Cooking the scallops
- Cooking the scallops: Pat scallops very dry. Season with salt and white pepper. Heat up a pan/skillet. Add high smoke point oil. Allow the oil to heat up, the oil ready once it starts moving, almost vibrating in the pan.Add room temperature scallops, large side down in pan/skillet,, the presentation side.Cook the scallops 70% of the way on the same side before turning/flipping.Once cooked, place on a paper towel to dry.
- Use a large skillet (Do not crowd the pan with scallops or risk steaming them, which would result in no golden brown scallops. I like using cast iron due to the even distribution of heat. Really helps with the browning.Over medium-high heat. Do not use high heat or risk burning the scallops and oil.Add the Dry Scallops to the pan and cook for 3 minutes. Afterward, add in a few large dabs of butter. Using a large spoon, spoon the melted butter over the tops of the scallops. This will set in a very nice golden brown color.I like to turn off the heat at this point and flip/turn the scallops over and cook on the other side. The scallops will not take as long on side 2 to cook. You can always poke the scallops with your finger to check doneness.
- How to tell the scallops are cooked: Cooked scallops are still soft in texture. The firmness will equal twice that of the raw uncooked scallop. The cook time on scallops is right about 4 to 5 minutes.

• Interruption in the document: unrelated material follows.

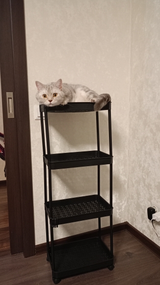 Nice shelf. Arrived intact. But not for heavy items. The cat weighs 5 kilograms, so it slightly sagged underneath.

- The scallops need to be very dry to turn golden brown.
- Yes, you can use bay scallops, which are very small scallops that cook in about 60-70 seconds.
- Can I eat the abductor muscle? Yes, the only difference is the texture. They taste just like the rest of the scallop.
- Can you eat scallops raw? Yes, the style of recipe is called Crudo. Thinly sliced scallop plated in a sauce like Ponzu or vinaigrette.
- Can you reheat cooked scallops? Yes, it is safe to do so, but the texture will suffer. If you must reheat, do so by steaming.